Supervising Unsupervised Learning
This provides a principled way to evaluate and apply unsupervised algorithms across domains, though it is incremental in leveraging existing supervised data.
The paper tackles the subjectivity in unsupervised learning by reducing it to supervised learning using knowledge from heterogeneous supervised datasets, resulting in improved performance across hundreds of problems with simple algorithms and provable bounds that circumvent Kleinberg's impossibility result in clustering.

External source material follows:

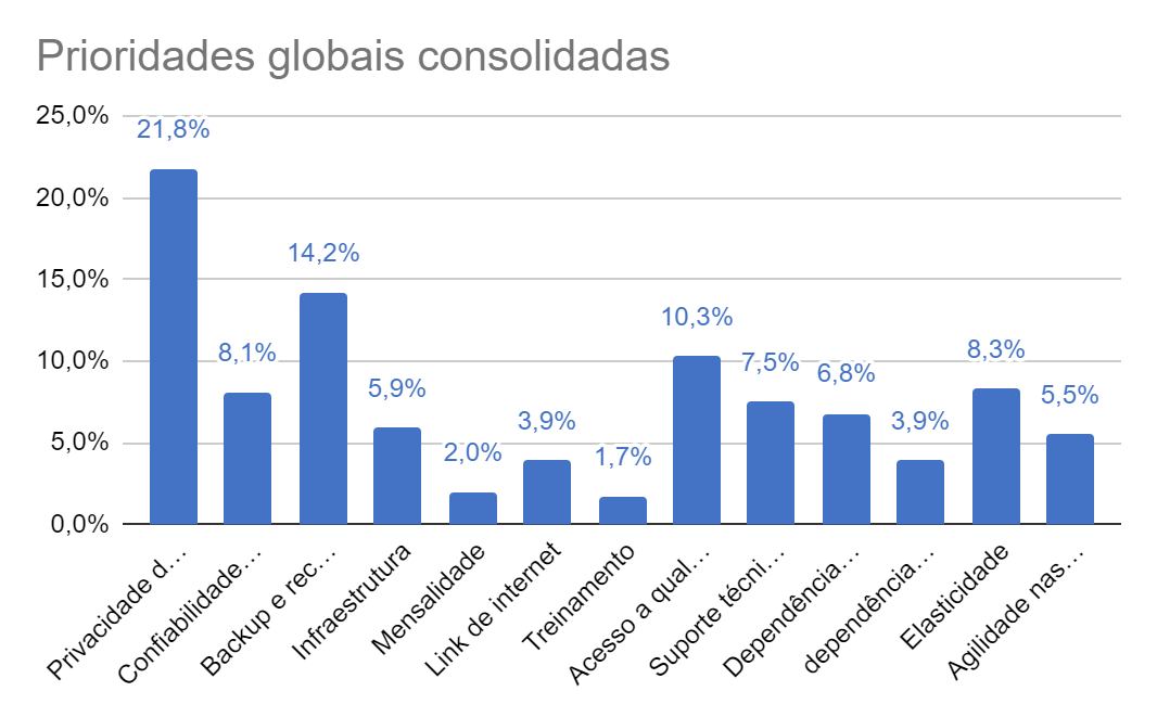 Nas prioridades globais, destaca-se que a privacidade dos dados é o fator mais relevante para o objetivo geral, representando 21,8%; e o segundo fator é o backup e recuperação de dados com 14,2%. Ambos estão diretamente relacionados ao critério segurança. O terceiro elemento mais importante, com 10,3%, é o acesso a qualquer hora, lugar e dispositivo referente a alta disponibilidade, seguido da elasticidade com 8,3%, que está associado ao critério escalabilidade. As prioridades globais são apresentadas na Figura 9.

We introduce a framework to leverage knowledge acquired from a repository of (heterogeneous) supervised datasets to new unsupervised datasets. Our perspective avoids the subjectivity inherent in unsupervised learning by reducing it to supervised learning, and provides a principled way to evaluate unsupervised algorithms. We demonstrate the versatility of our framework via simple agnostic bounds on unsupervised problems. In the context of clustering, our approach helps choose the number of clusters and the clustering algorithm, remove the outliers, and provably circumvent the Kleinberg's impossibility result. Experimental results across hundreds of problems demonstrate improved performance on unsupervised data with simple algorithms, despite the fact that our problems come from heterogeneous domains. Additionally, our framework lets us leverage deep networks to learn common features from many such small datasets, and perform zero shot learning.